Building a way for data scientists to test SDKs with large datasets (without having to code!)

This project aimed to create a testing pipeline for Simprints' data scientists to evaluate fingerprint software development kits (SDKs) on large biometric datasets, enhancing the selection of an SDK aligned with their program monitoring and beneficiary verification goals.

Global poverty remains a significant challenge, with up to 29% of global aid failing to achieve its intended outcomes due to issues like bribery, theft, and embezzlement, costing $500 billion annually in health expenditure. To address these inefficiencies, Simprints is partnering with governments, NGOs, and donors to provide biometric solutions for improved program monitoring, beneficiary identification, and coverage verification.

This project focused on developing a pipeline for data scientists to test fingerprint software development kits (SDKs) using large biometric datasets.

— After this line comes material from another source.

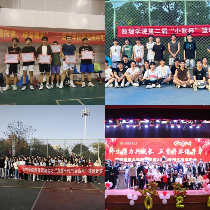 以竞技实践为主线,通过开展各类校园文体活动,引领校园文化新风尚,如彩虹跑、“羽福同来,球竞精彩”第四届羽毛球比赛、“小欧杯”篮球赛、“数理舞台,青春有你”十佳歌手大赛、“新生杯”拔河比赛、“师生协力共成长,五育并举谱华章”2024年师生联欢晚会等活动,致力于培养学生的团队精神、竞争意识、意志品质和自我认知,为广大学子实现德智体美劳全面发展搭建广阔舞台。
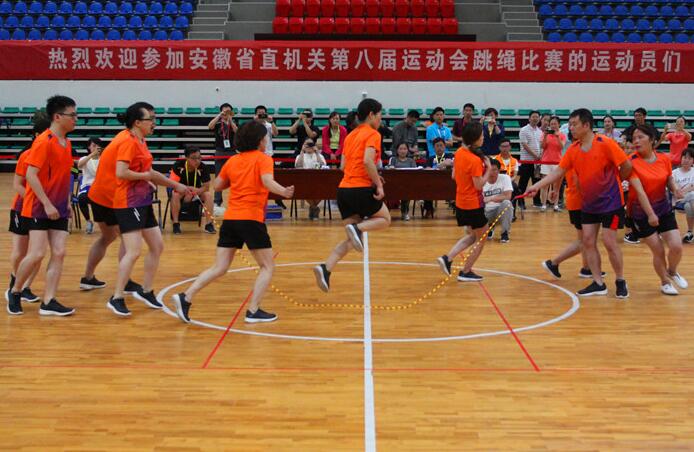 在跳繩比賽中,安徽建工代表隊(duì)發(fā)揮團(tuán)隊(duì)優(yōu)勢,奮勇拼搏、緊密配合,勇奪10人8字型跳大繩團(tuán)體、1分鐘一帶一雙人跳(安徽建機(jī)公司劉國枝、王帶娣)、30秒單搖女子甲組個(gè)人(安徽建機(jī)公司王帶娣)、30秒單搖男子乙組個(gè)人(安徽建機(jī)公司徐杰)4項(xiàng)冠軍;同時(shí),跳繩隊(duì)還獲得2項(xiàng)個(gè)人賽第三名,2項(xiàng)個(gè)人賽第五名,實(shí)現(xiàn)了跳繩項(xiàng)目的大豐收,其中團(tuán)體賽成績創(chuàng)造了賽會(huì)記錄,贏得了觀眾和各隊(duì)的一致稱贊。

Simprints aimed to select the SDK that best aligned with their needs and future goals.

The primary task was to develop a pipeline for testing fingerprint SDKs. This involved breaking the work into sub-tasks, such as building bash scripts for individual functions, testing each component with synthetic data on a local machine, and eventually deploying the solution in a Docker container for cloud-based execution. Each sub-task was thoroughly tested to ensure it worked effectively within the larger pipeline.

The key outcome was the development of a pipeline that data scientists can use to test their fingerprint SDK.